Another week has slithered by in the wake of #Brexit, and the atmosphere is still rife with head scratching, spasms of anxiety and the crumbling of governing bodies. Frankly, I have no desire to get political, it’s not my place, but I do wish to write of a different sense of stability the British can always take pride in. The United Kingdom benefits subtly from a sort of appealing luster, the real mists of Avalon— soft power in magnitudes that can only be enviously craved by other countries.
Look at it this way, Mr. Putin on his chilly northeastern fronts would love to be able to brag that the Beatles were four lads from a rustic Russian hamlet. Shakespeare, Monty Python, Turner paintings, Pink Floyd, Four Weddings and a Funeral, James Bond, the Crown Jewels, Kate Moss’ cheekbones, Sherlock Holmes, Punch and Judy shows, Ziggy Stardust, Paddington Bear, the Spice Girls, Wolf Hall, Oliver Twist, the YBAs, Bridget Jones’s Diary, Harry Potter, Downton Abbey, Banksy, Mr. Darcy; a buffet of flavours for every palate, and only capable of being forged by the brainpower of one curious set of isles.

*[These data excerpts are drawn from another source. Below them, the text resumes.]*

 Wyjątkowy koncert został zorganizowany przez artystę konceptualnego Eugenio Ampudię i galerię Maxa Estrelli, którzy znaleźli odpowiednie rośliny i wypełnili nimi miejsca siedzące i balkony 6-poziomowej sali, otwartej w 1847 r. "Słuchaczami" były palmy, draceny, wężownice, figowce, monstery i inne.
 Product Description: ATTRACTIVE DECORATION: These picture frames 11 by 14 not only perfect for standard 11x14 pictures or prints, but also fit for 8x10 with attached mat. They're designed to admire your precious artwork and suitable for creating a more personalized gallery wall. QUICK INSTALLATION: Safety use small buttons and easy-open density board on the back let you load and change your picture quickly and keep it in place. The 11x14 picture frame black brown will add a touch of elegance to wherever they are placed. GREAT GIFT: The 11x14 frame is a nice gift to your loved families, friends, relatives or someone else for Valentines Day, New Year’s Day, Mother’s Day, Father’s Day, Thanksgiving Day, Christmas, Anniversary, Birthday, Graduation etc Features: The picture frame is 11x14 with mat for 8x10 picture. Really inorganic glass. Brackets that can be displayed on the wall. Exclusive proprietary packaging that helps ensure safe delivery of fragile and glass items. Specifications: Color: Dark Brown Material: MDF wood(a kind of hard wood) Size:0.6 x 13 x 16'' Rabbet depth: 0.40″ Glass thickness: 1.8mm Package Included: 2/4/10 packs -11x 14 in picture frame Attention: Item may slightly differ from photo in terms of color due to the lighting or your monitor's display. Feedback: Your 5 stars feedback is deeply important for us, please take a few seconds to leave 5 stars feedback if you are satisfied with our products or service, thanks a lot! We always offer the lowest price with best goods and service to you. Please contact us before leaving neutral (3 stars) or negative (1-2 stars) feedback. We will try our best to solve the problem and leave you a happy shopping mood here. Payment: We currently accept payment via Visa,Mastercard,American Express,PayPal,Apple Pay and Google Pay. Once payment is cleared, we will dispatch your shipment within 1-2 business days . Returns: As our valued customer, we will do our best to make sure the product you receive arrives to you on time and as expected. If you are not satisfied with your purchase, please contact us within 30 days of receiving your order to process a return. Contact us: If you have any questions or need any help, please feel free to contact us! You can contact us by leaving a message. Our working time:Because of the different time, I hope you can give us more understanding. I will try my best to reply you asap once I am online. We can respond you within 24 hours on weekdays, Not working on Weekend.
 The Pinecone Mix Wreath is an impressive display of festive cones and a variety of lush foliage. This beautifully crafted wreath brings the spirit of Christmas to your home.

My paltry list reflects only a fraction of the cultural icons for which we happily doff our hats to the UK. It might not seem as though Mick Jagger’s ceaselessly shaking hips or some hormonal teenaged wizards could have that much sway in the grand scheme of things. After all, it’s trade deals, military strength and corporate secrets that seem to keep the globe spinning.  Yet there is incredible strength, positive strength, in soft power. Music, literature, film, theatre, television, art exhibitions and all their expressive counterparts help construct identities on levels both very intimate and very public; the voice of one becomes the voice of many when disseminated internationally and enjoyed on various platforms. Culture generates esteem and curiosity on the world stage. And like a polished Merchant Ivory film or heartstring-nagging Jane Austen novel, soft power can cast a hazy pink glow over the past, selling idealised pseudo-history to audiences who then begin to yearn for glimpses of the real deal.

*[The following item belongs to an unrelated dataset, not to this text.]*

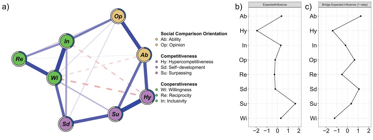 图1. a) 原始样本的竞争、合作和社会比较倾向的图形高斯模型;b) 标准化的EI中心性估计;c) 标准化的BEI中心性估计

Hence nostalgia and representation can be awfully profitable, economically and otherwise, considering the illustrious origins of England, Scotland, Wales and Northern Ireland as we know them today. Tales of well-feasted tyrannical kings and troubled marriage beds, vicious rebellions, princes disappeared inside towers, a snowy Virgin Queen, colonial safaris, enchanted escapades at country estates, knights and dragons, a bomb-scorched East End, Iron Ladies and drug-stuffed rock stars are all easily objectified and gobbled up. Collector editions of the Bard’s tragedies will still be published hundreds of times, and Paul McCartney will never stop raking in loot on iTunes. Glastonbury will swarm with more sweaty free-spirited types, tartan skirts will still stay chic every autumn, all the usual guilty pleasure will be taken in Hugh Grant movies, the media will literally devour itself when Prince George eventually hits eligible bachelorhood. High Tea will remain a synonym for elegance, and hordes of tourists will continue to flock to palace gates to poke at the Bear Guards, to parade themselves conspicuously around Abbey Road and to purchase “Keep Calm and Carry On” travel mugs to solidify their admiration of the UK’s collective heritage.

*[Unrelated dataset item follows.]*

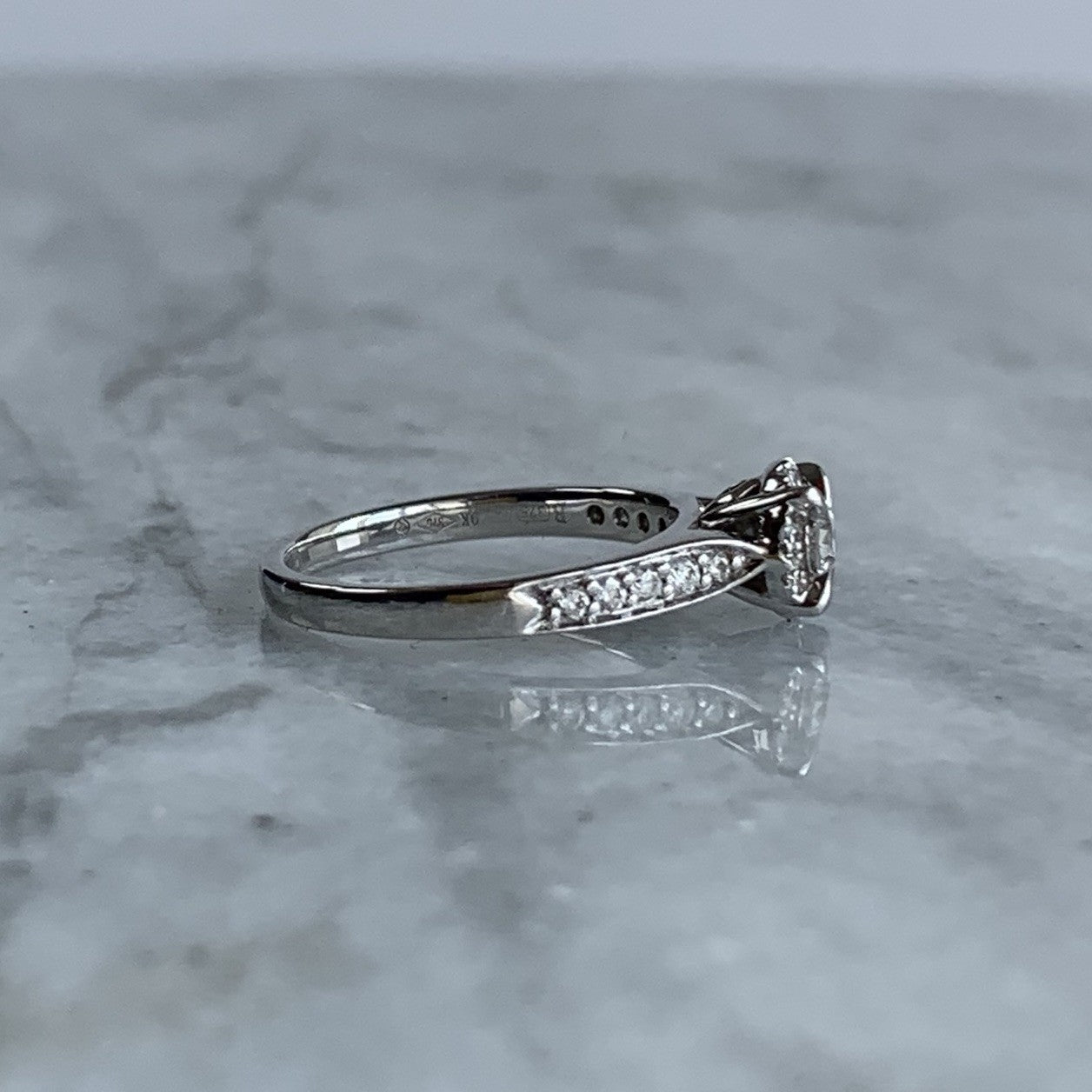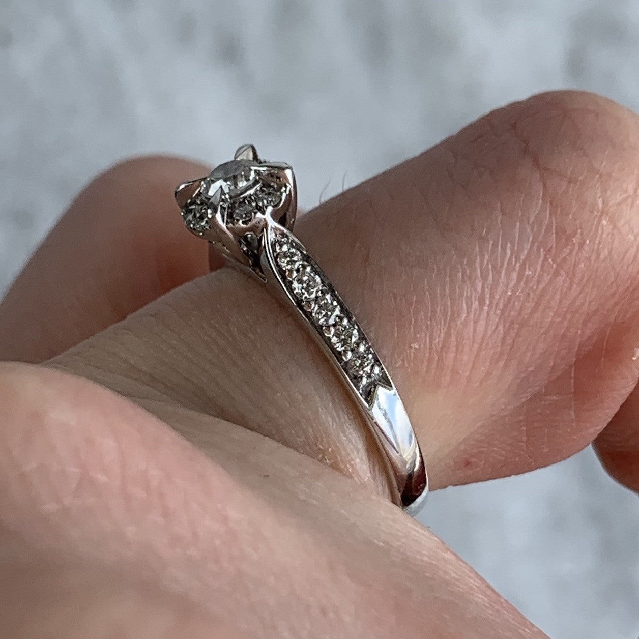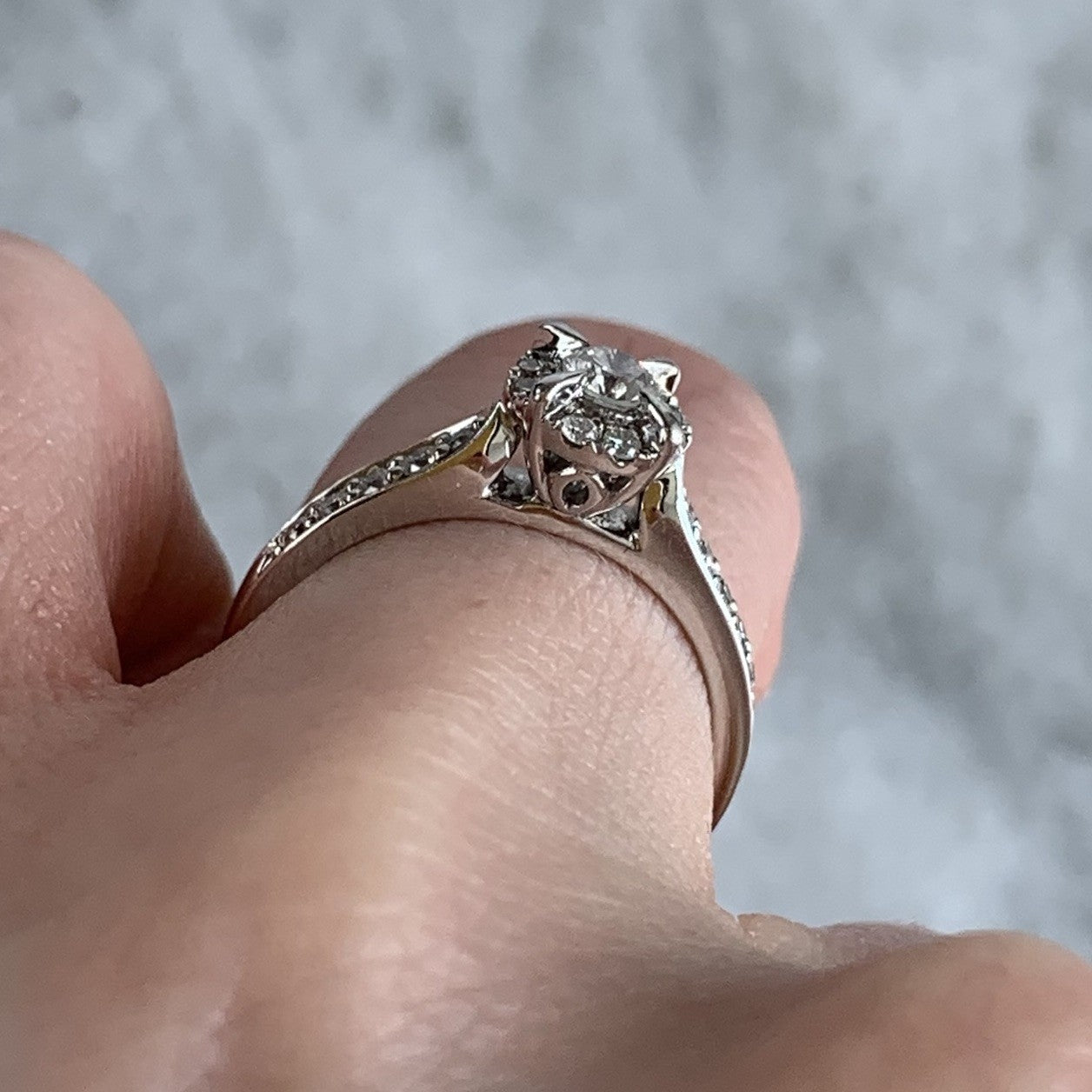 A lovely white gold ring showcasing a round diamond cluster, with additional diamonds on the shoulders to accent.

To a country afflicted by an uncertain future, I say take heart in the past and the assured creative potential of tomorrow. Test existing boundaries of expression and cherish your roots. Imagine unknowns and look to your singular story as a kingdom and commonwealth for inspiration. As your ledger of household names and seminal achievements can already attest to, the Brits are much greater than the sum of their Sunday roasts and stiff upper lips. Keep calm, indeed. And carry on wielding the mighty forces of soft power in that pert, charming and subversively cool way of yours.  Come what may, I promise the world will still adore you as it does Jude Law’s roguish, pearly grin, even after that great nanny debacle.